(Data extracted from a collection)

#####

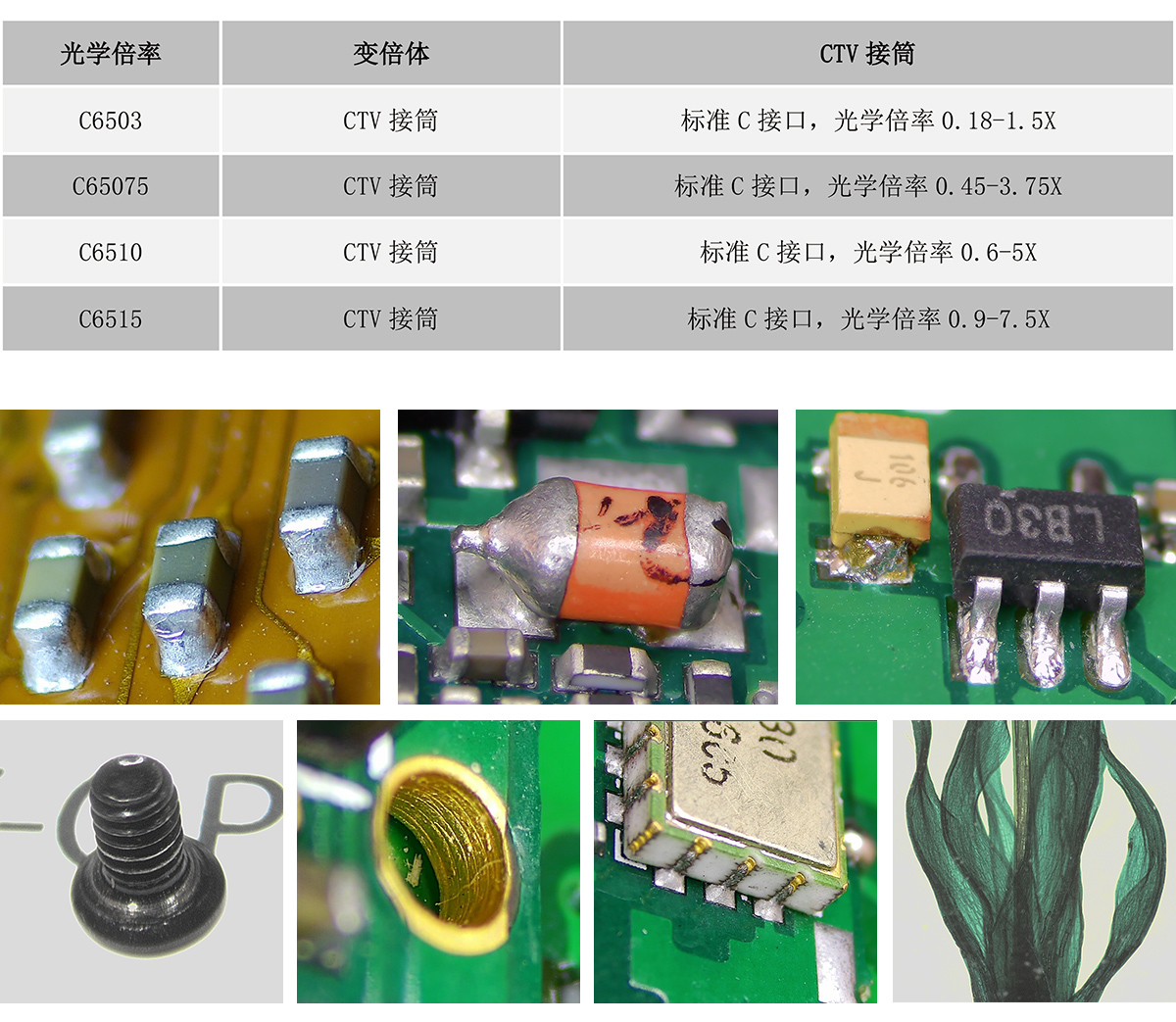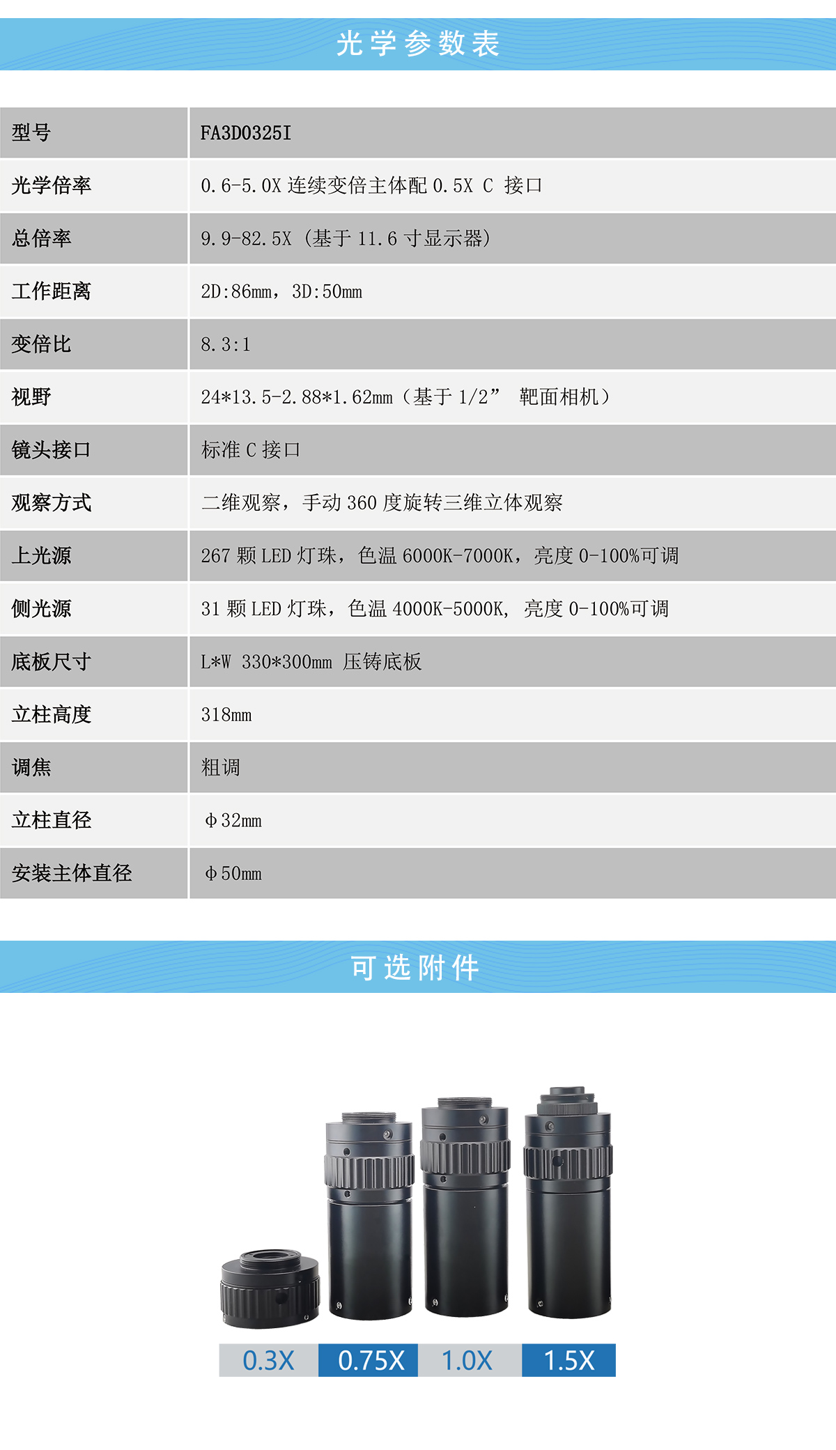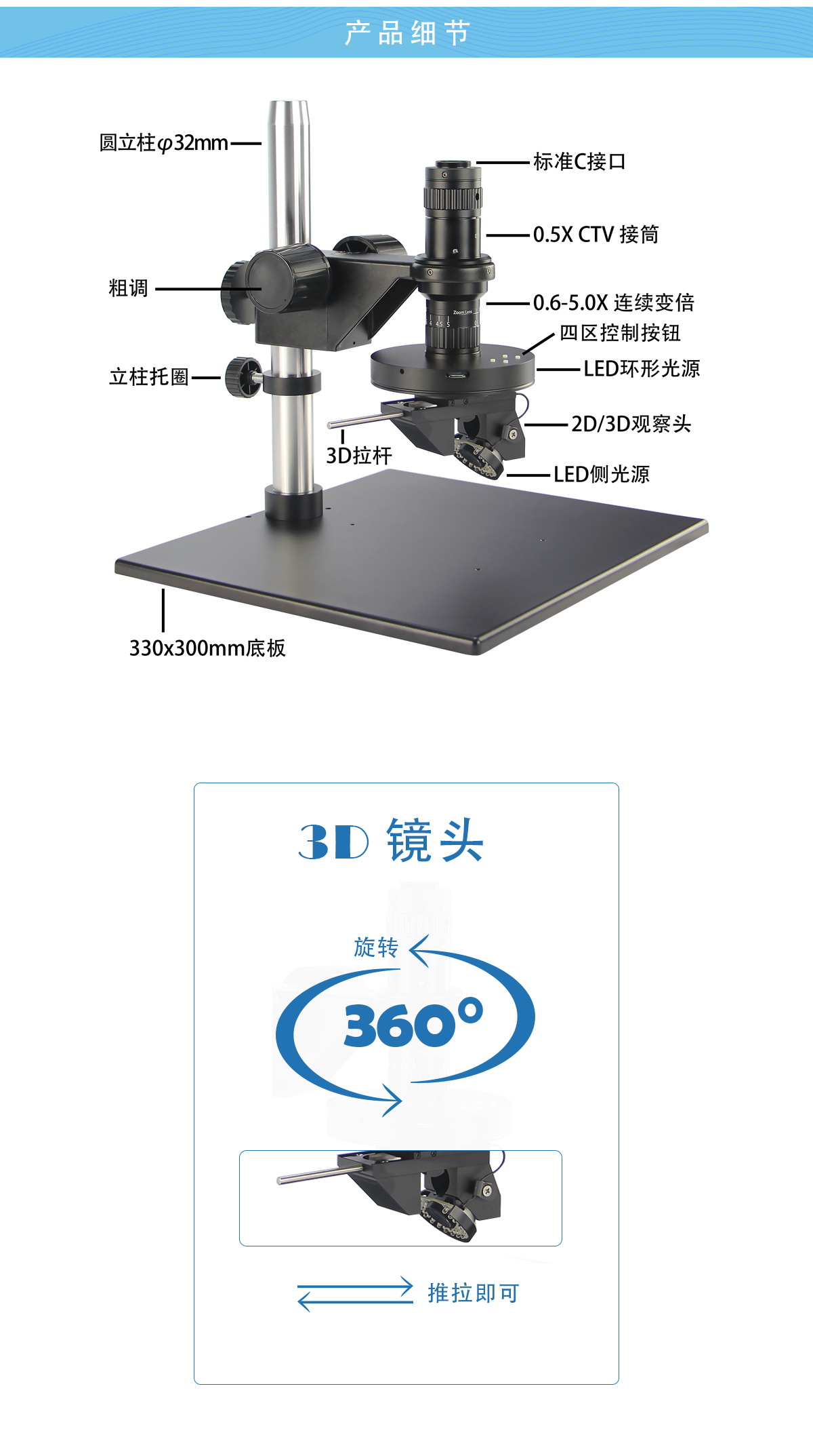 0.6-5.0X 连续变倍,标准C接口,支持二维和三维360度旋转观察,3D物镜观察角度45度,增加侧光源跟随三维观察头旋转照明
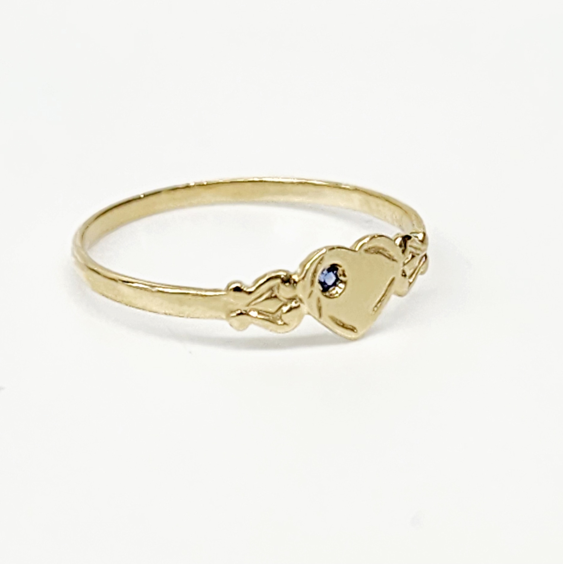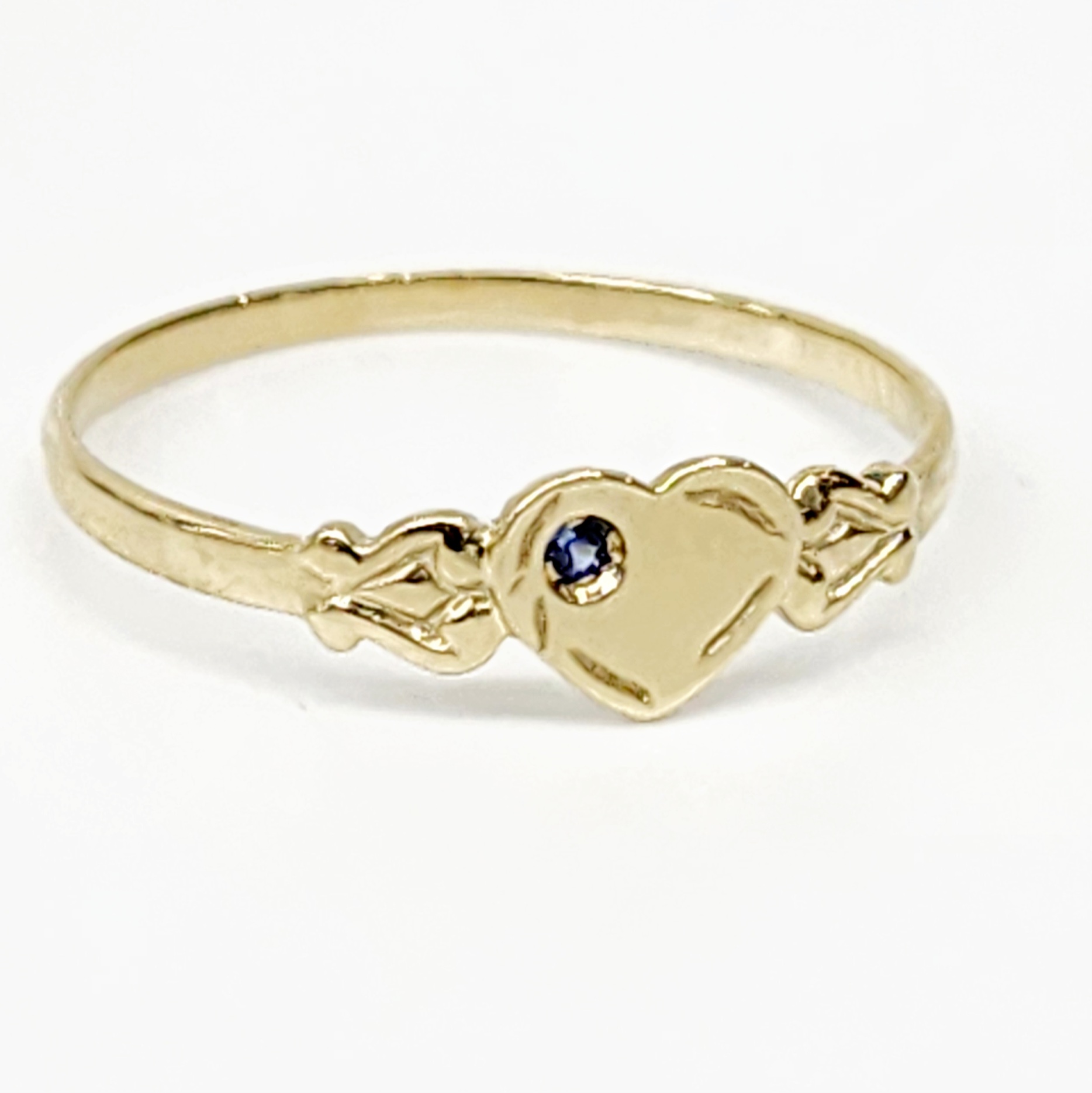 9ct Yellow Gold Single Heart Blue Sapphire Signet Ring
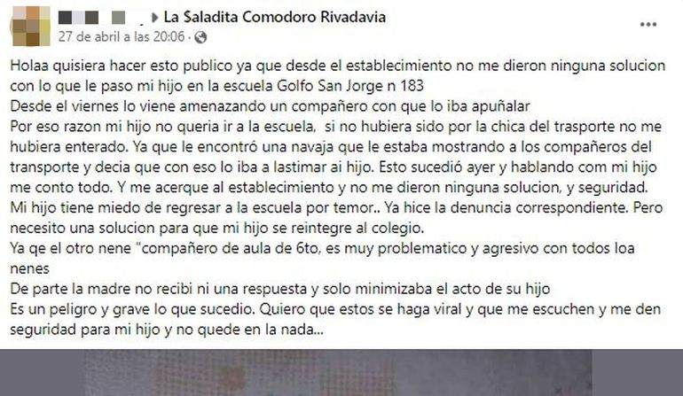 La mujer radicó la denuncia en la Seccional Quinta y afirmó a través de una publicación en su cuenta de Facebook que “desde el viernes lo viene amenazando un compañero con que lo iba apuñalar y por esa razón mi hijo no quería ir a la escuela”. Asimismo, manifestó que se enteró de la situación por la conductora del transporte escolar, quien “le encontró una navaja que le estaba mostrando a los compañeros del transporte y decía que con eso lo iba a lastimar a mí hijo. Esto sucedió ayer (martes) y hablando con mi hijo me contó todo”.
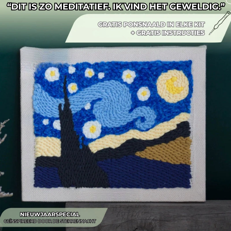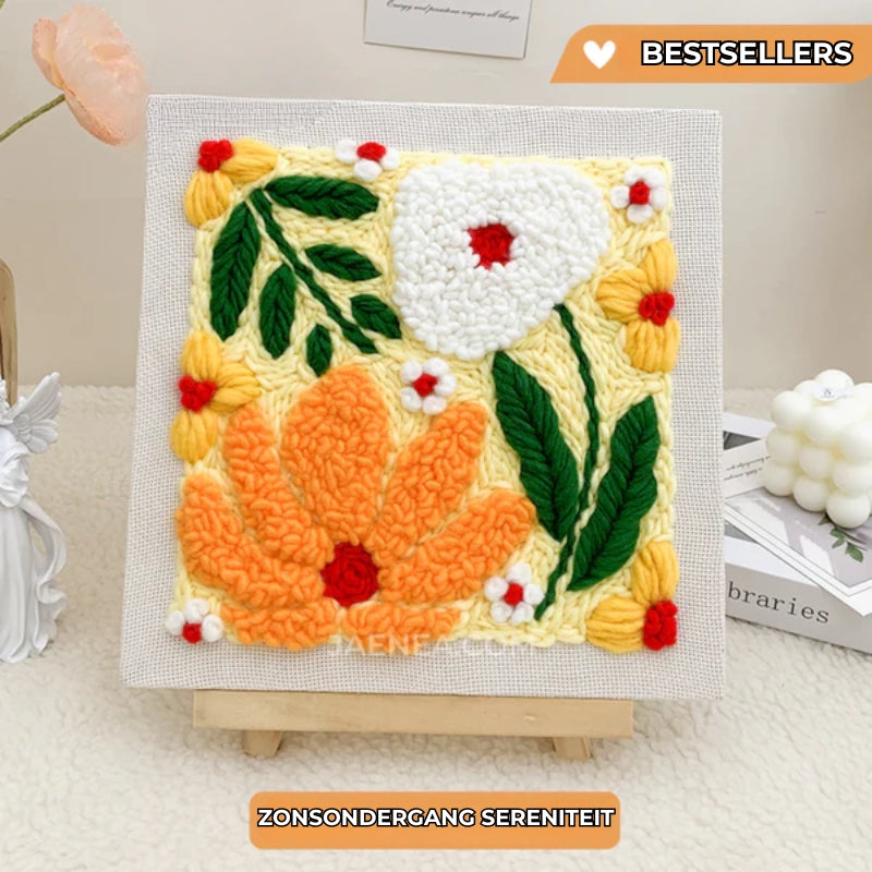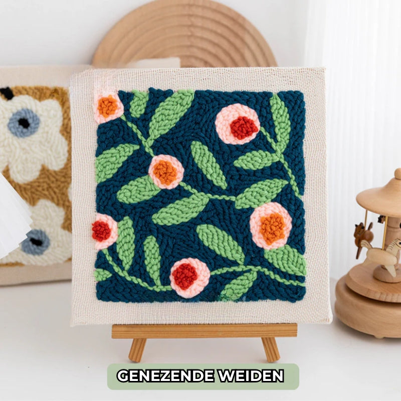 De herhalende, ritmische beweging van het punch stitching-werk werkt kalmerend en stressverlagend en biedt een meditatieve ervaring.
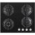 независимая; общая мощность конфорок 7400Вт; количество конфорок — 4; поверхность закаленное стекло; решетка чугун; автоматический электроподжиг; ширина — 590мм; цвет — черный
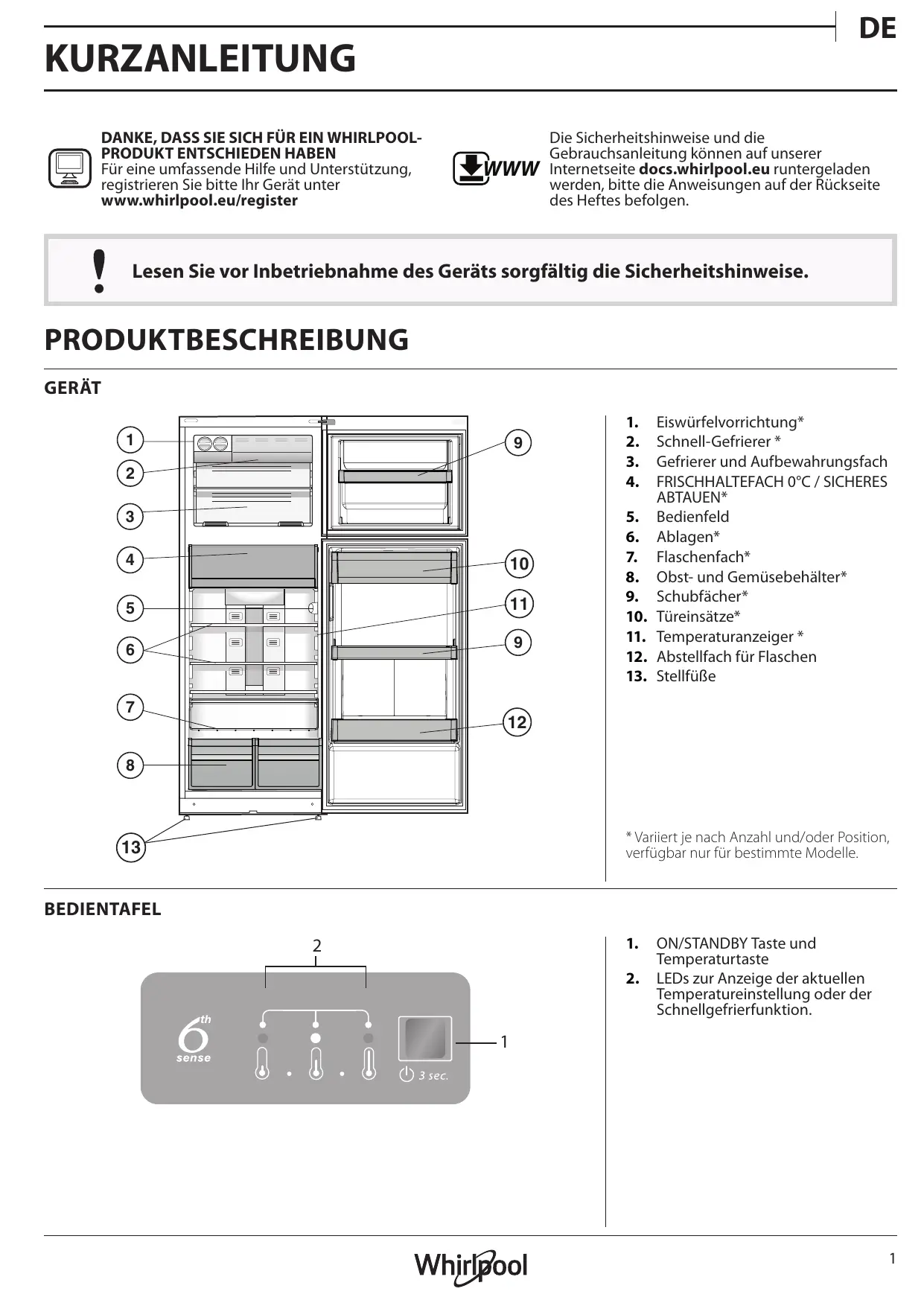Finden Sie kostenlos die Bedienungsanleitung des Geräts WT70I832X WHIRLPOOL als PDF.
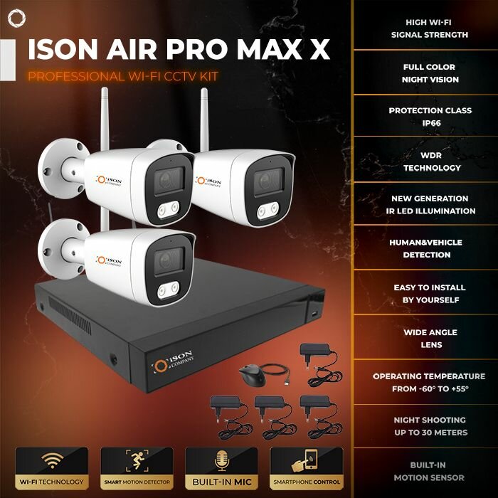 Беспроводная система видеонаблюдения на 8 мегапикселей ISON AIR-PRO-MAX-X-3 на 3 камеры

#####

● Directions
Before copying the data, remove the pictures. Then repeat the rest exactly.

● Problem solution
 0.6-5.0X 连续变倍,标准C接口,支持二维和三维360度旋转观察,3D物镜观察角度45度,增加侧光源跟随三维观察头旋转照明
 9ct Yellow Gold Single Heart Blue Sapphire Signet Ring
 La mujer radicó la denuncia en la Seccional Quinta y afirmó a través de una publicación en su cuenta de Facebook que “desde el viernes lo viene amenazando un compañero con que lo iba apuñalar y por esa razón mi hijo no quería ir a la escuela”. Asimismo, manifestó que se enteró de la situación por la conductora del transporte escolar, quien “le encontró una navaja que le estaba mostrando a los compañeros del transporte y decía que con eso lo iba a lastimar a mí hijo. Esto sucedió ayer (martes) y hablando con mi hijo me contó todo”.
 De herhalende, ritmische beweging van het punch stitching-werk werkt kalmerend en stressverlagend en biedt een meditatieve ervaring.
 независимая; общая мощность конфорок 7400Вт; количество конфорок — 4; поверхность закаленное стекло; решетка чугун; автоматический электроподжиг; ширина — 590мм; цвет — черный
Finden Sie kostenlos die Bedienungsanleitung des Geräts WT70I832X WHIRLPOOL als PDF.
 Беспроводная система видеонаблюдения на 8 мегапикселей ISON AIR-PRO-MAX-X-3 на 3 камеры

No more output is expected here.